Rep. Bessie S. McColgin
by Mike Wimmer
Oil
Commissioned by the Oklahoma State Senate Historical Preservation Fund, Inc.through the support of the Honorable Frank Lucas and Family, 2005
Dimensions: 36 x 31
Dedicated March 30, 2005
The Artwork
Oklahoma’s first woman to serve in the Oklahoma House of Representatives was Amelia Elizabeth “Bessie” McColgin, a Republican from Rankin in western Oklahoma. She was elected in 1920 and served in the Eighth Legislature from 1920-21.

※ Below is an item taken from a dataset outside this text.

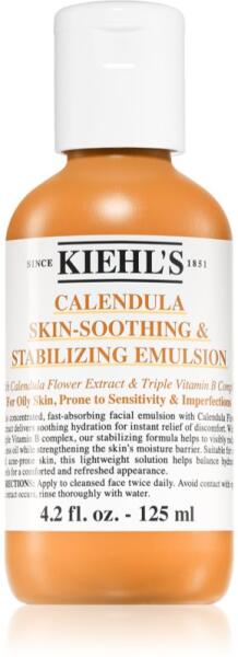 Kiehl's Calendula Skin-Soothing & Stabilizing Emulsion, 125 ml, helyi ápolás nőknek, Tulajdonságok: mérsékli az arcbőr kipirosodását elnyomja az akne tüneteit csökkenti a túlzott faggyútermelést csökkenti a bőrhibákat visszaadja a bőr üdeségét nem tömíti el a pórusokat nem vált ki zsíros érzést Használata: Vigye fel a megtisztított arcbőrére és körkörös mozd

Born on January 7, 1875, she married Grant McColgin on August 21, 1895 in Earlville, Illinois. She attended Teachers Normal College and Wesleyan University in Bloomington, Illinois. Her education also included the School of Oratory and Georgian Academy in Georgia, Vermont. McColgin came to Grant County in Oklahoma Territory in 1901 with her husband, and in 1903, she helped drive a wagon to their “claim” near Rankin in Roger Mills County. She taught school in her home and was appointed postmistress for Ridgeton in 1904. Her family moved to Rankin in 1909 where she and her husband alternated teaching school, delivering mail, and in 1913, began operating the Rankin Telephone Company in their home.
The McColgins had nine children and Bessie had given birth to the youngest son, Franklin, just one month before leaving Rankin, near the Texas border, for the Legislature in Oklahoma City. Many considered McColgin to be a superior orator and believed her election win was due to her popularity in western Oklahoma. McColgin took an active interest in the soldiers’ relief program and helped establish the Tuberculosis Sanatorium at Clinton. She filed legislation calling for the creation of a child hygiene bureau and a public nursing board.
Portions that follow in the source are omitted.